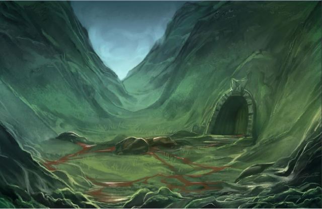 An archway of stone is set into the side of a small hill at the bottom of the valley. Moss has overgrown many of the details, but one is still quite clear. The keystone of the arch is carved with a flame symbol with a stylized rune in the middle. Beyond the archway is a darkened tunned that leads to a pair of massive wooden doors, one of which is slightly ajar.
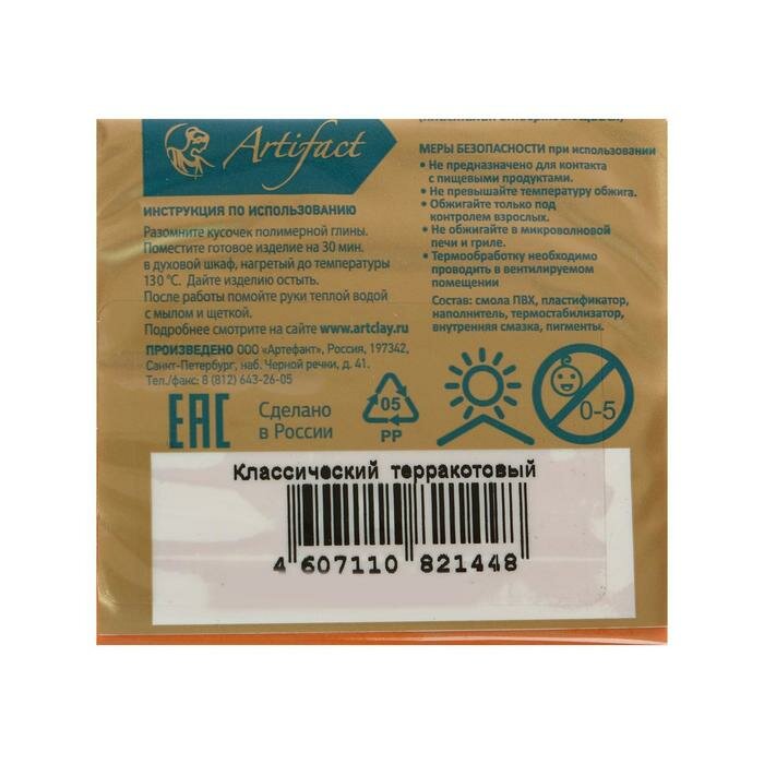 | Подробная комплектация | Полимерная глина запекаемая Артефакт Классическая, брус 50-56 г |
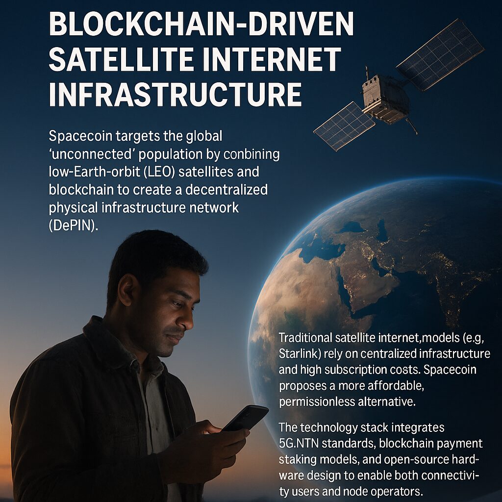 - Spacecoin targets the global “unconnected” population by combining low-Earth-orbit (LEO) satellites and blockchain to create a decentralized physical infrastructure network (DePIN).
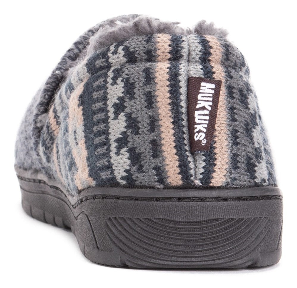 Когда вы войдете в комфорт, остаток дня улетучится; Кристофер Слиппер от Мук Люкс. Верх из ткани в виде тапочек с круглым носком. Легко скользит. Трикотажные узоры. Свободная посадка для естественного комфорта. Мягкая подкладка из искусственного меха с удобной стелькой. Прочная резиновая подошва из TPR для сцепления внутри и снаружи.
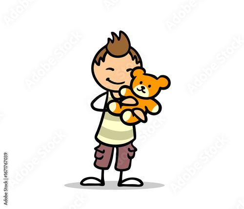 Cartoon Junge kuschelt mit Teddybär Plüschtier
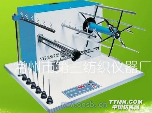Model YG086C Measuring Reel Tester 用于将纱线管上试样纱线用纱框摇取缕纱,供纱线的线密度(或支数)的测定及缕纱强度试验等用。性能符合GB/T4743-1995《纱线线密度的测定 绞纱法》。 Used to rock skein by reel from sample yarn in bobbin for measurement of linear density (or count)test of skein strength. The properties shoukd be in conformity with the requirement specified in GB/T4743-1995 "Determination of yarn density: Method of reeled yarn". 主要技术参数:Main Technical Data 1、可同时试验纱管 Number of bobbin to tested at the same time: 6 2、纱框周长 Circumference of reel YG086C:1000mm +/-1mm YG086E:54 in +/-16 in (出口专用for export only) 3、摇纱横动往复宽度 Transverse width of skein 35mm 4、单根摇纱张力范围 Tensile range of single skein 0~100cN 5、外形尺寸 Outline size L780*W660*H480mm
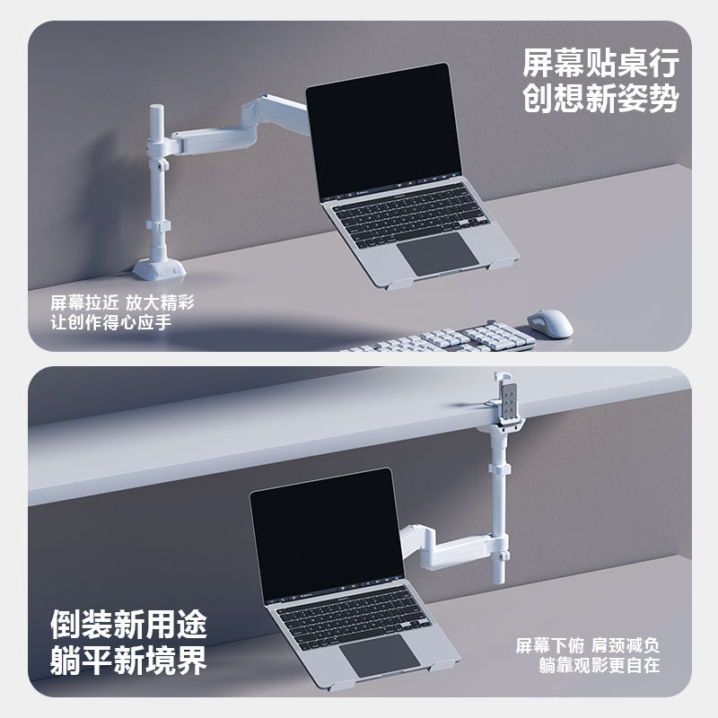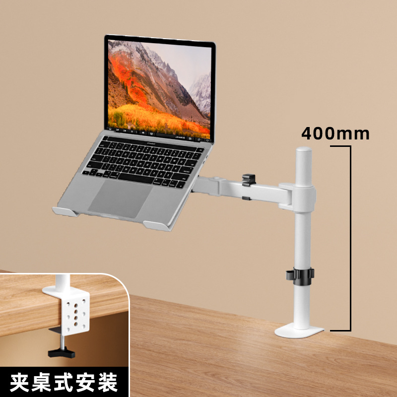 • 노트북 스탠드 - 흰색 - 기계식 암 공압식 강화 모델 - 내하중 9KG, 40cm 기둥, 정방향 및 역방향 설치 가능
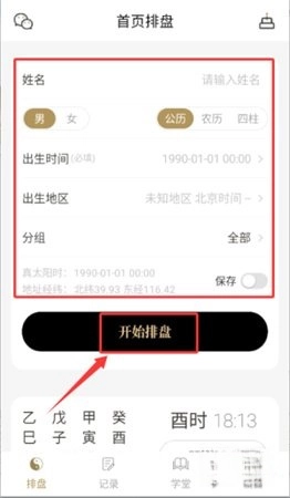 在排盘页面填写姓名与出生时间,点击“开始排盘”按钮即可得到排盘结果。

_Task to complete_. Your task is to reproduce the entries above word for word, from the first line through the line with "Cartoon Junge kuschelt", and please leave out any pictures.

_Written solution_.
 An archway of stone is set into the side of a small hill at the bottom of the valley. Moss has overgrown many of the details, but one is still quite clear. The keystone of the arch is carved with a flame symbol with a stylized rune in the middle. Beyond the archway is a darkened tunned that leads to a pair of massive wooden doors, one of which is slightly ajar.
 | Подробная комплектация | Полимерная глина запекаемая Артефакт Классическая, брус 50-56 г |
 - Spacecoin targets the global “unconnected” population by combining low-Earth-orbit (LEO) satellites and blockchain to create a decentralized physical infrastructure network (DePIN).
 Когда вы войдете в комфорт, остаток дня улетучится; Кристофер Слиппер от Мук Люкс. Верх из ткани в виде тапочек с круглым носком. Легко скользит. Трикотажные узоры. Свободная посадка для естественного комфорта. Мягкая подкладка из искусственного меха с удобной стелькой. Прочная резиновая подошва из TPR для сцепления внутри и снаружи.
 Cartoon Junge kuschelt mit Teddybär Plüschtier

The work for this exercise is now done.